Closed stweil closed 7 months ago
@amitdo, @egorpugin, do you agree with the suggested renaming for all Tesseract repositories?
@AlexanderP, the planned renaming would also affect Debian and other distributions.
Yes, I agree.
I disagree doing it this way (as a rename). Users have known frk for a long time, despite its unfortunate naming. Since there is no actual Frankish model it could conflict with, in the interest of not breaking things for users, I suggest simply adding an alias instead of deleting the old name.
@bertsky, how would you add an alias?
I don't think that many users will experience a breakage by the renaming. German Fraktur is not relevant for most users of Tesseract, and those who use it either depend on tagged models which continue to provide frk
, or can fix their workflow by a trivial update.
how would you add an alias?
I guess the simplest way would be to symlink deu_latf to frk in the repo.
I agree, but maybe to set up a symlink first? Do we have similar version tags as in tesseract repo? For example, make a link until tess 6 release, remove symlink and rename after.
If this makes too much burden, just rename like this PR does. It is fine.
I guess the simplest way would be to symlink deu_latf to frk in the repo.
I agree, but maybe to set up a symlink first?
I created the symlink from the old frk to the new deu_latf for tessdata_fast and added a note there in the README. That should be sufficient for distributions and typical users who were always encouraged to use tessdata_fast.
Advanced users who want to run training won't have big problems with replacing frk by deu_latf.
I created the symlink from the old frk to the new deu_latf for tessdata_fast and added a note there in the README. That should be sufficient for distributions and typical users who were always encouraged to use tessdata_fast.
I cannot see frk
anymore. And the branch of this PR is already gone!
What you describe is the wrong direction of the link. I wrote _from deulatf to frk because that's how the old URLs would still work. With the symlink, you can browse on the Github UI and reference the file in a checkout, but not download directly.
I know that you suggested a symbolic link in the different direction, but we want to promote the new name as the standard, not the old one.
I know that you suggested a symbolic link in the different direction, but we want to promote the new name as the standard, not the old one.
The whole point of having the symlink is to keep the old URLs working. It's not about promoting anything. In your direction, there is no point of having the symlink at all.
Downloading from the main branch is never a good idea unless you are prepared to get different content or changing URLs. Use a tagged release or a branch, for example 4.1.0. https://raw.githubusercontent.com/tesseract-ocr/tessdata_fast/4.1.0/frk.traineddata still works. If necessary, we can add more tags or branches.

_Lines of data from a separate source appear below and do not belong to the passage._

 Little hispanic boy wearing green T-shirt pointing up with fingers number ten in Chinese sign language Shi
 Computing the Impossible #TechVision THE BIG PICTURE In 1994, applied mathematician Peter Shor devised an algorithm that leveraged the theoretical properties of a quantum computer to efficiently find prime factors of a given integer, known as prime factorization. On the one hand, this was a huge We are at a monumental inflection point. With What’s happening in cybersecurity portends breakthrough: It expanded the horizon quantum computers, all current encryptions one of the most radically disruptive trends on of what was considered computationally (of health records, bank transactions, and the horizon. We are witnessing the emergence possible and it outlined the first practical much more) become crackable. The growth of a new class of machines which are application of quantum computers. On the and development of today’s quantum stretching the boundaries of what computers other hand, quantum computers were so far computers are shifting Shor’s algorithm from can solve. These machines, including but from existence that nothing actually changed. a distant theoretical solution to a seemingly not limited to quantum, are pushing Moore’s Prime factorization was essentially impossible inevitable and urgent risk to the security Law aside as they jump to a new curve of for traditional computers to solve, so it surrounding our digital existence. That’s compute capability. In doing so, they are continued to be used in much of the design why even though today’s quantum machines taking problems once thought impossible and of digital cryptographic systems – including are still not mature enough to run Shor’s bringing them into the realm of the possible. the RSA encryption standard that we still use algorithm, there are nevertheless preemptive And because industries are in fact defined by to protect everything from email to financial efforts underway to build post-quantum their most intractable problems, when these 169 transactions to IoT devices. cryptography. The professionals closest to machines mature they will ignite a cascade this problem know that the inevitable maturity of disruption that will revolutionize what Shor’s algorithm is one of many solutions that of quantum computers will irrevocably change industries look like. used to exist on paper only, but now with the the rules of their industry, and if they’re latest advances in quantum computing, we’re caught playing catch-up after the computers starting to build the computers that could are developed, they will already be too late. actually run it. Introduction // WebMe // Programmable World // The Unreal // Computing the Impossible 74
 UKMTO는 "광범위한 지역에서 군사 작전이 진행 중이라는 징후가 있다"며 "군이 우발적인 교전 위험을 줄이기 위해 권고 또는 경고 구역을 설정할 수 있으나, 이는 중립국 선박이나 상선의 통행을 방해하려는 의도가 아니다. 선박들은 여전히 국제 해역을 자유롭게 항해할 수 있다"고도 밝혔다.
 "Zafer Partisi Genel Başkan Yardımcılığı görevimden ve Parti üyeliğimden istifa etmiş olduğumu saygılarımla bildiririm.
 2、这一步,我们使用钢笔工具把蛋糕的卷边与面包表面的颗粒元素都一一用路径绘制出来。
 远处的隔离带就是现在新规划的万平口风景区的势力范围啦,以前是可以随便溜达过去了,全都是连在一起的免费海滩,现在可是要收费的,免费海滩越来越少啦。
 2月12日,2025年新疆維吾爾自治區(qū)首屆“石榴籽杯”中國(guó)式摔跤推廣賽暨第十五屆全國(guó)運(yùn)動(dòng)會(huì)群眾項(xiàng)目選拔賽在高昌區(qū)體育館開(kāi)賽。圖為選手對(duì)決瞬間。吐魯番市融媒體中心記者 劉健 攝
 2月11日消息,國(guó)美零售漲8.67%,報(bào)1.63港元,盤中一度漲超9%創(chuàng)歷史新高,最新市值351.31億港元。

Information on different distributions:
@stweil what made you think that all model names in Tesseract must conform to ISO 639-3 in the first place?

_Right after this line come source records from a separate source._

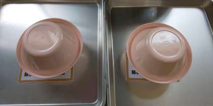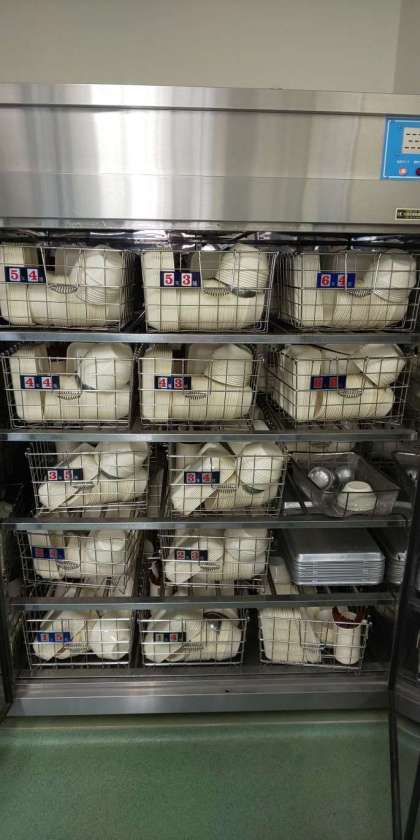 食器は、食器消毒保管庫で熱風乾燥し、給食時間まで保管しています。毎日きれいな食器です。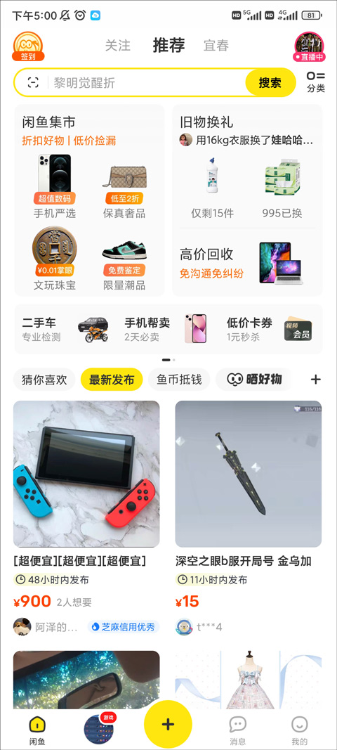 1、点击打开闲鱼二手市场旧货市场app,选择右下方【我的】登录客户端,点击【+】选择发布的类型。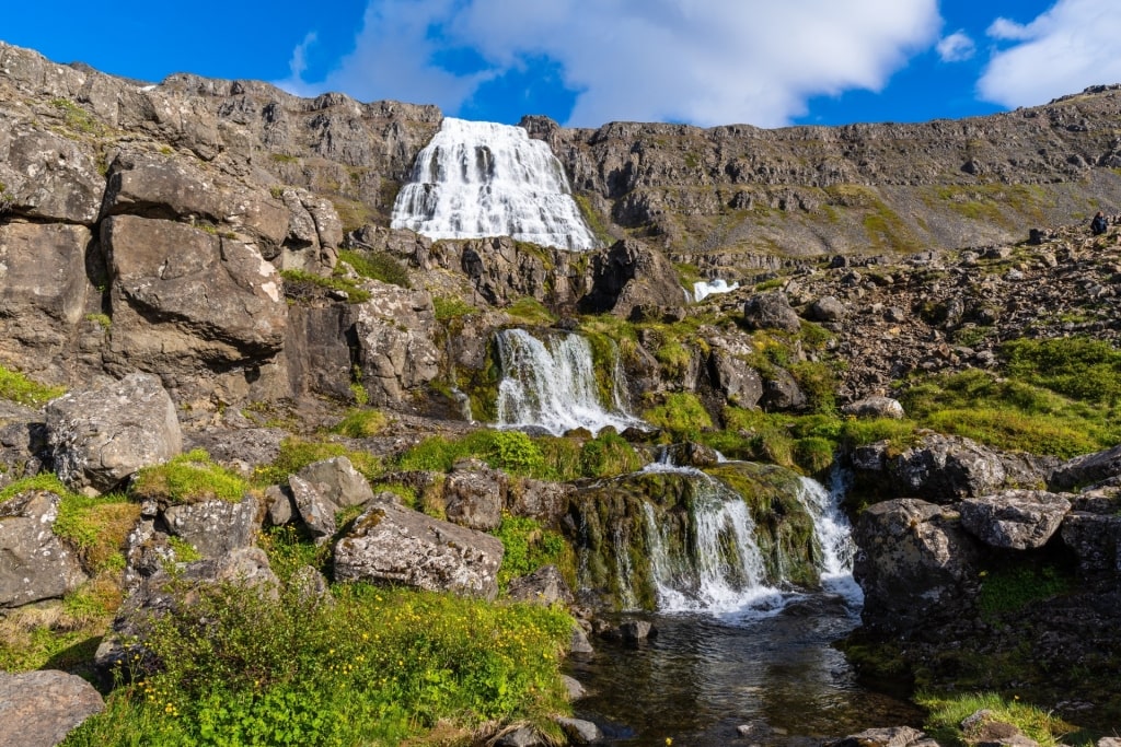 Plan a visit to Dynjandi to witness its fan-tailed drop, which spreads from around 98 feet at the top to 196 feet wide as it reaches the bottom.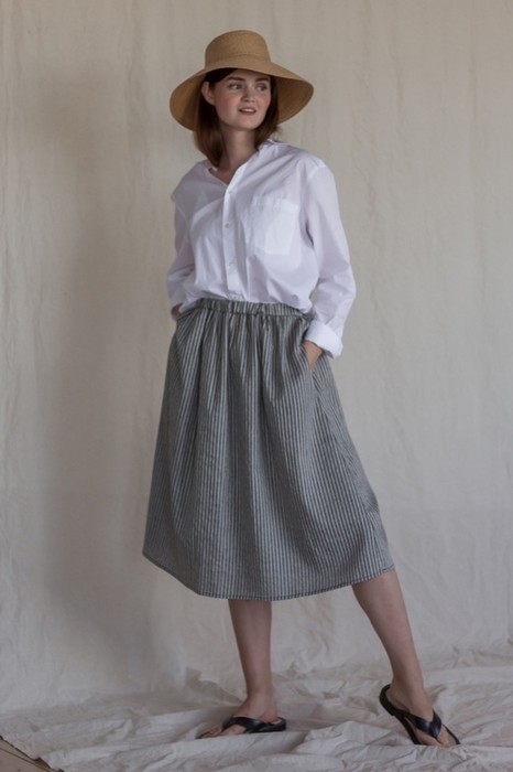 Мы создали эту юбку для тех, кто не забывает возвращаться к природным истокам, находясь в городской суете. Довольно сложная фактура материала легко дополнила обычный крой с резинкой на талии.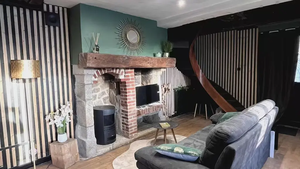 Decorated in soft shades of blue and green, this love room in Haute-Corrèze, just a few kilometers from the Puy de Dôme and Creuse regions, offers a glimpse of absolute well-being.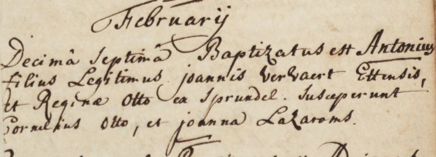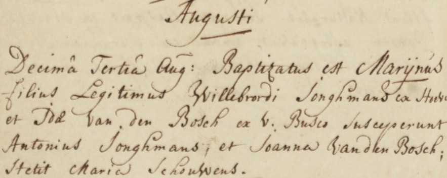 | 9. | m | Antonius (Antonius) Willebrordusz JONGMANS [7564]. Geb. ±10-1782 te ? (bron: ?), ged. (RK) op 13-10-1782 te Hoeven (get.: Johannes Struijs en Agatha de Rooij voor Anna Jonghmans) (bron: DTB Hoeven RK dopen inv nr 5). Overl. ? te ? Begr. ? te ? |

What about ita_old, spa_old, kat_old, chi_tra, chi_sim, chi_sim_vert, jpn_vert, deu_frak, dan_frak and so forth?
IMO all the old names should at least be kept for backwards compatibility.
See related discussion https://github.com/tesseract-ocr/tesseract/issues/4201.
I think we should rename frk to deu_latf not only here, but also in all other Tesseract repositories (langdata, tessdata, tessdata_best, tessdata_fast, tessdoc) because "frk" was never an ISO name.